Critiquing Online Learning, Part Two

As I mentioned in the first part of my online-education critique, we must be frank about who takes online courses.

The media want you to think that motivated and busy adults who cannot get to campus constitute the majority of enrolled students. That may be true if you are a Phoenix, but not if you are teaching at State U. I’ve taught online at both medium and large public universities, and in both cases, the non-traditional students were 25 percent of the class or less. 

There is a large body of well-intentioned, traditional students who see online courses as a way to squeeze another class into a packed semester schedule. “Squeeze” is student code for “get three more credits with less work.” Busy? Check. Motivated?

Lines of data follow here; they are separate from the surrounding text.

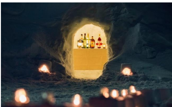
同事業で実施したグランピング事業のひとコマ
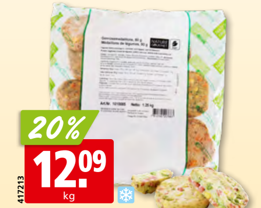
417213 Nature Gourmet Gemüsemedaillons, 80 g tk, 1.25 kg
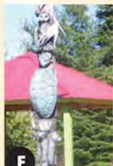
F Le Guerrier Pacifique (1998) Normand Ménard
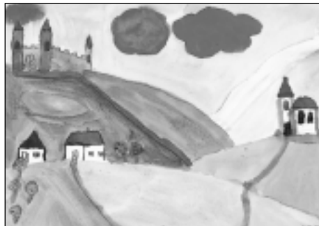
„Cesta na hrad“ – Jiřinka

Nyní máme pro vás hádanky, abyste si muse-li lámat hlavinky! Tak jdeme na to! Řešení najdete na straně 31.
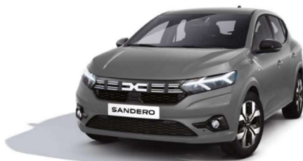
ΓΚΡΙ URBAN (3)
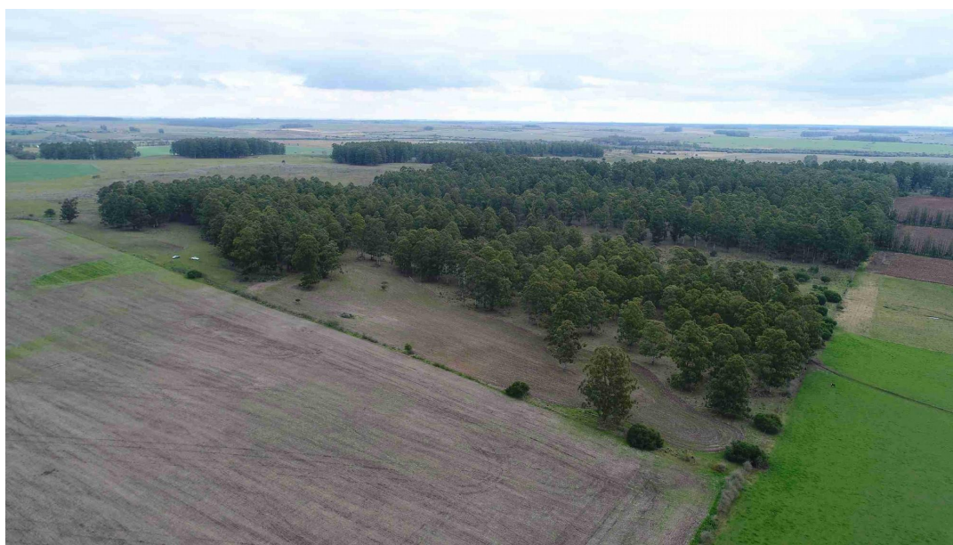
Foto 2. Montes de Eucalyptus desde el sector SE.
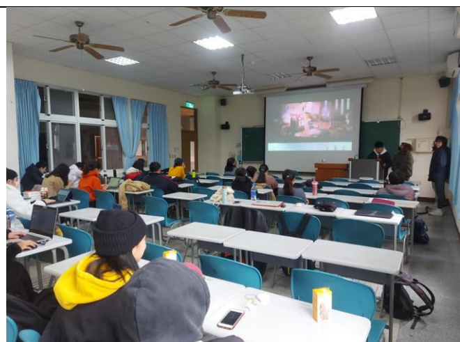
「日常 X 校園 X 東華」文字攝影展
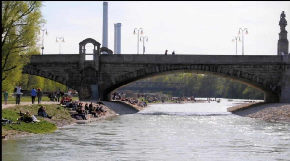
Die Brudermühlbrücke als Bestandteil des Mittleren Rings ist hier ohne Abbildung. Die Braunauer Eisenbahnbrücke zeigt sich unter dem Bogen der Wittelsbacher Brücke.
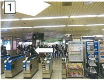
1 JR京橋駅北口改札を出られて左へ進みます。
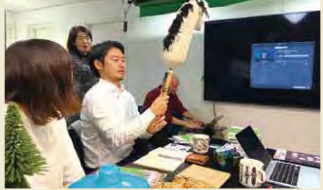
デジタルユースワーク専門技術センター「ベルケ」を訪問し、ホビーホースのデジタルライゼーションの仕組みを知る

Visiting Allianssi National Youth Council of Finland and learning about their information center
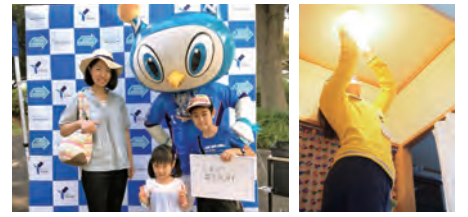
横浜FCのエコイベントでチームマスコットと記念撮影(左) イケアスタッフによるLED電球への交換作業(右)

また、IKEA港北との連携により、市営住宅の高齢者世帯で、白熱電球をLED電球へ交換する取り組みも継続して行っている。高所での電球交換が困難な高齢者世帯では、電球寿命が長いLEDは、交換回数も交換時の
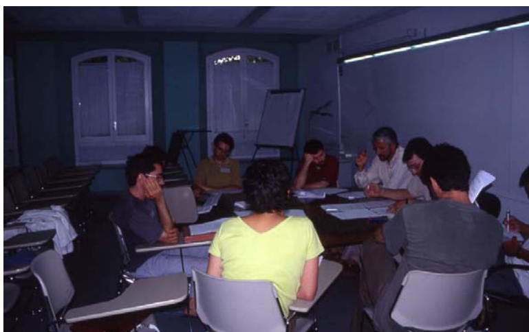
Figura 2. Grup de treball a la jornada de definició de Pla director de la XCT.

Not so much.

Some students can learn whatever is taught while underwater and blindfolded — just like a motivated exerciser can get a rigorous workout while stuck in a freight elevator. But schools don’t pre-screen online courses for the students who have best chance of succeeding.

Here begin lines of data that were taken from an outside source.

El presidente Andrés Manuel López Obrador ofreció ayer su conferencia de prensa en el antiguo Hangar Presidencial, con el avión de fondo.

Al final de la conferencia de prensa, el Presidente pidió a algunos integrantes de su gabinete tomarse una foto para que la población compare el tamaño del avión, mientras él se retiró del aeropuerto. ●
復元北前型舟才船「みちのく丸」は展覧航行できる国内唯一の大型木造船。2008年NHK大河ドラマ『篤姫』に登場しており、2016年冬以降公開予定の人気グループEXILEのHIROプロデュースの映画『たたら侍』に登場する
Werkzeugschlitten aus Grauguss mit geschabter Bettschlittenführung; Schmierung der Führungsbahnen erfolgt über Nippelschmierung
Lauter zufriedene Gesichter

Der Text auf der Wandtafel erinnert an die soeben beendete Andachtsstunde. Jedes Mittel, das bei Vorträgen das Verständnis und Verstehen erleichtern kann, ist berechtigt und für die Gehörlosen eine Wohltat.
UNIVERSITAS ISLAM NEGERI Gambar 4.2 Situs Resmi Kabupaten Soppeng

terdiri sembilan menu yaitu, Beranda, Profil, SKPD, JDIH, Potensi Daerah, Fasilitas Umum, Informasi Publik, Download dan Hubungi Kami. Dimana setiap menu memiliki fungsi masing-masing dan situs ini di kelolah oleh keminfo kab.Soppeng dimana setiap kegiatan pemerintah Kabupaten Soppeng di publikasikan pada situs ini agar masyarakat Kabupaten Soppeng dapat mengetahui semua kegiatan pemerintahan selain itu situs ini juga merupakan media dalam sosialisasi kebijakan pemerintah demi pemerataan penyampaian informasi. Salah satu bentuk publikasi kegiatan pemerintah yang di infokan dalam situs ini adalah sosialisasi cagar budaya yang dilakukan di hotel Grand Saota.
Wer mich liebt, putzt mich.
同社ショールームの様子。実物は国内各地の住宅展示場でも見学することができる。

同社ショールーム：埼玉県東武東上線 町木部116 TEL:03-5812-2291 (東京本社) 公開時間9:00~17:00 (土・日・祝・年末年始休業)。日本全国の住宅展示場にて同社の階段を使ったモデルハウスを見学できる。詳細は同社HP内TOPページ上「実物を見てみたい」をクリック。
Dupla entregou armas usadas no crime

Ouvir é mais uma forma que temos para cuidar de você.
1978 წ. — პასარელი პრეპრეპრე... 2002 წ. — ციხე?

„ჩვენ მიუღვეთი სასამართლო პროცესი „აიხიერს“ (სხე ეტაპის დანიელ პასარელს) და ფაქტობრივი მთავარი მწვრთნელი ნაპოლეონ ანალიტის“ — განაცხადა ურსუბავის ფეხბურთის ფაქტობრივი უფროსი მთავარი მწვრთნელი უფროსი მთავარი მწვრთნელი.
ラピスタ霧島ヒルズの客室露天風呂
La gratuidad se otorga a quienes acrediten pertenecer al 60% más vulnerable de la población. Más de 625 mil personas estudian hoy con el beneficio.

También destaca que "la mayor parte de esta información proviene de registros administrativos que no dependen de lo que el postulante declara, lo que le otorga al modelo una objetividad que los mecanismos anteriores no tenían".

Students with a GPA below 2.5 fail my online courses at a 40 percent clip, and I’m not one of the “harder professors.” The real-time classroom holds such students accountable in ways that online courses cannot. Sure, learning management systems such as Blackboard and Moodle allow for real-time online classes, but the popular push is for asynchronous and independent courses so that more people can quickly get work-force-readiness credentials for social mobility.

Yes, distance education can do some neat things; I’m still working on ways to make it more effective. But, any honest talk about the future of such classes must readily acknowledge the limitations.